Thursday, May 31, 2012

Tweeners Spelling Get All The Glory; Teens Doing Math Get No Respect

Sarah Kliff hypes this Thursday's Scripps National Spelling Bee, wherein a handful of precocious middle schoolers will attempt to spell incredibly obscure words (the competitors have gotten so good that contest organizers have had to dig deeper and deeper in order to produce a winner).

Meanwhile, here's the Lehigh Valley ARML team. ARML is effectively the national championship of Contest Problem Math. Lehigh Valley and has been on an incredible run in the past seven years, winning four tournaments and placing in the top 3 every year in that time span.
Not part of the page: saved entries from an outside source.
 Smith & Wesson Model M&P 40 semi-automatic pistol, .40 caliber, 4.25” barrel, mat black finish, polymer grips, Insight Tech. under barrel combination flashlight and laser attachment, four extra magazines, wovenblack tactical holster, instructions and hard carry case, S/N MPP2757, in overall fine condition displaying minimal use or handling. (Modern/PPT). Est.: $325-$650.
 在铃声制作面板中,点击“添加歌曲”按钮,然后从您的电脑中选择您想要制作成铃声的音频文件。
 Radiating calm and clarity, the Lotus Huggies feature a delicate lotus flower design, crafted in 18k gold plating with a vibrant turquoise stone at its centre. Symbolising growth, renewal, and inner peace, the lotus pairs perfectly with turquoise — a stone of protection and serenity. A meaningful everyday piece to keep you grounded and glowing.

But you won't find their success aired on ESPN or getting a call from the White House. I guess the younger, more ethnically diverse, and more gender-balanced distribution of spelling bee contestants makes it more attractive from a marketing perspective

If I had infinite time, there are a handful of small ways that I would like to try to change the world to make it a better place. One would be to write a book about the post-Jackie Robinson generation of African-American baseball players, and use that as a launching point for a discussion about race relations in the post-civil rights era. Another would be to do something that increased the level of interest in STEM among girls and young women. The third would be to get more pop-culture respect for math team. Please start by refraining from using the word "mathlete" in all contexts.